About this task:
Transcribe exactly, and only, the lines running from the one that contains "孟庆男校长一段温暖而又振奋人" through the last line of the material. No pictures.

Stored data:
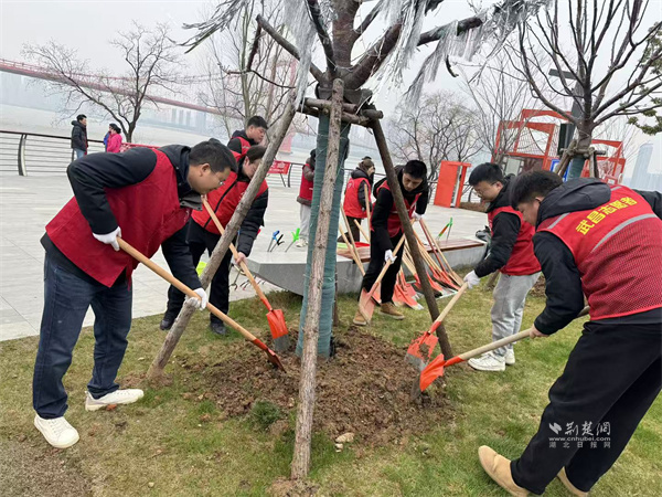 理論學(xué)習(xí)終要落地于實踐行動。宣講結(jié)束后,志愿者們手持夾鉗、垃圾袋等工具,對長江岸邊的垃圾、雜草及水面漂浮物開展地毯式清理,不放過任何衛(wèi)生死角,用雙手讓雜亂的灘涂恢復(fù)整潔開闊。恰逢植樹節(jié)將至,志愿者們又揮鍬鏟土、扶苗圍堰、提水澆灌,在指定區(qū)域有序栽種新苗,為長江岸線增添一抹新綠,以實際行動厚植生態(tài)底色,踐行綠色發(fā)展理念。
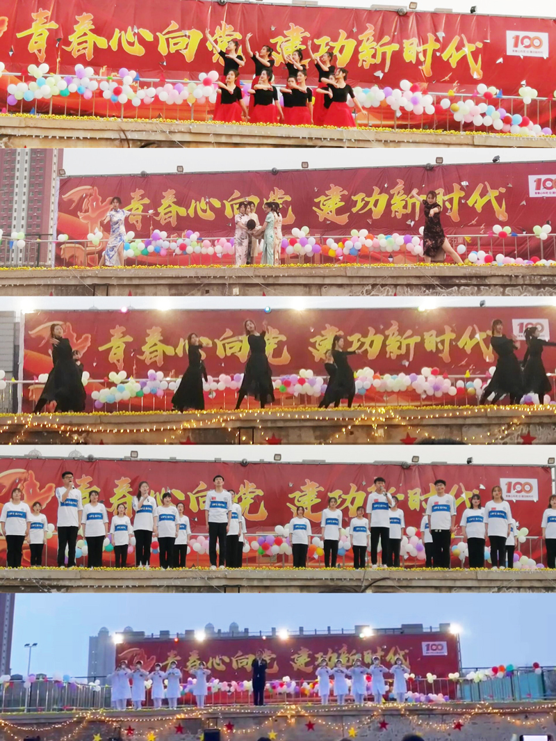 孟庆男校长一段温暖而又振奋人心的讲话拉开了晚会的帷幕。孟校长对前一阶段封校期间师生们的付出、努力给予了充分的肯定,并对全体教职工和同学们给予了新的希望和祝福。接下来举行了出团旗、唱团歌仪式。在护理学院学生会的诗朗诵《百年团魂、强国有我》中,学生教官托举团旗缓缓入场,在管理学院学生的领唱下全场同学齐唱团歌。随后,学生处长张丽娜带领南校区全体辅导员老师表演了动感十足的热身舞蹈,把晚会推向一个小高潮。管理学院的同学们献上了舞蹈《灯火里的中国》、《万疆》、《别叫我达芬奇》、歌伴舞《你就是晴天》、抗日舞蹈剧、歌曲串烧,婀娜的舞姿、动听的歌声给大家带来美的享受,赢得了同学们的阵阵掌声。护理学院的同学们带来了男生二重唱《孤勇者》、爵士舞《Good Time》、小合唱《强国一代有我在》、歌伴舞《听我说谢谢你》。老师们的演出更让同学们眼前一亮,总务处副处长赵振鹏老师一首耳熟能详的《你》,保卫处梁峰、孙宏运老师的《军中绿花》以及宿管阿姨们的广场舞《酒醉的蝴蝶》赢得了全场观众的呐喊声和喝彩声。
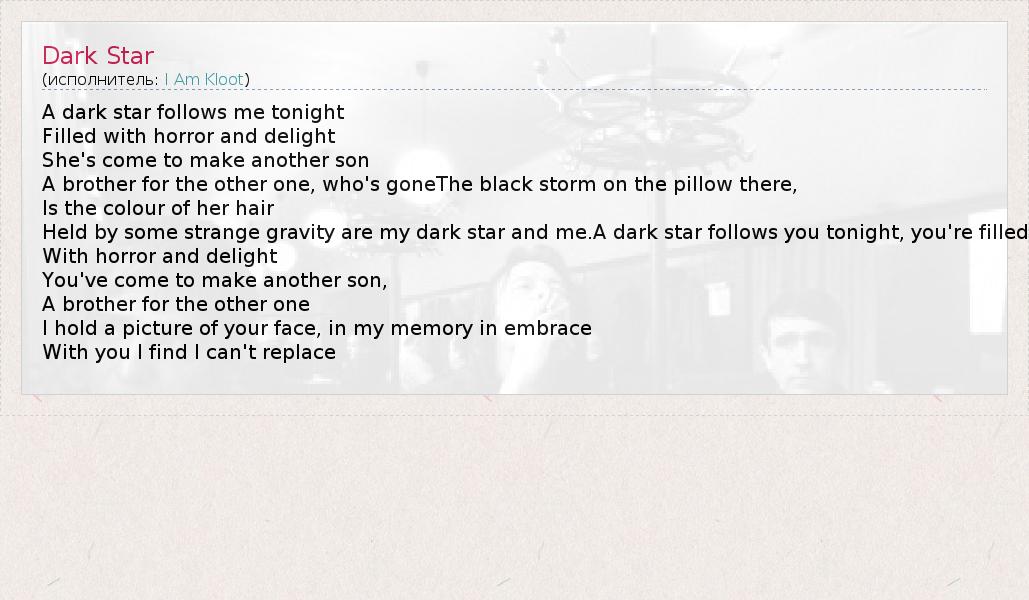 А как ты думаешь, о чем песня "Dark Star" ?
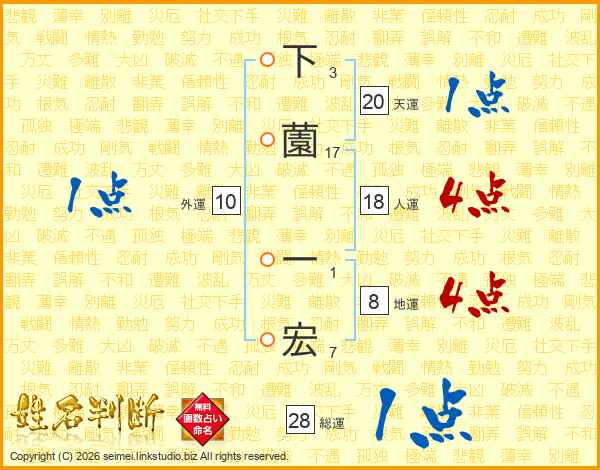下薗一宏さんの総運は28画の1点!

Solved exercise:
 孟庆男校长一段温暖而又振奋人心的讲话拉开了晚会的帷幕。孟校长对前一阶段封校期间师生们的付出、努力给予了充分的肯定,并对全体教职工和同学们给予了新的希望和祝福。接下来举行了出团旗、唱团歌仪式。在护理学院学生会的诗朗诵《百年团魂、强国有我》中,学生教官托举团旗缓缓入场,在管理学院学生的领唱下全场同学齐唱团歌。随后,学生处长张丽娜带领南校区全体辅导员老师表演了动感十足的热身舞蹈,把晚会推向一个小高潮。管理学院的同学们献上了舞蹈《灯火里的中国》、《万疆》、《别叫我达芬奇》、歌伴舞《你就是晴天》、抗日舞蹈剧、歌曲串烧,婀娜的舞姿、动听的歌声给大家带来美的享受,赢得了同学们的阵阵掌声。护理学院的同学们带来了男生二重唱《孤勇者》、爵士舞《Good Time》、小合唱《强国一代有我在》、歌伴舞《听我说谢谢你》。老师们的演出更让同学们眼前一亮,总务处副处长赵振鹏老师一首耳熟能详的《你》,保卫处梁峰、孙宏运老师的《军中绿花》以及宿管阿姨们的广场舞《酒醉的蝴蝶》赢得了全场观众的呐喊声和喝彩声。
 А как ты думаешь, о чем песня "Dark Star" ?
下薗一宏さんの総運は28画の1点!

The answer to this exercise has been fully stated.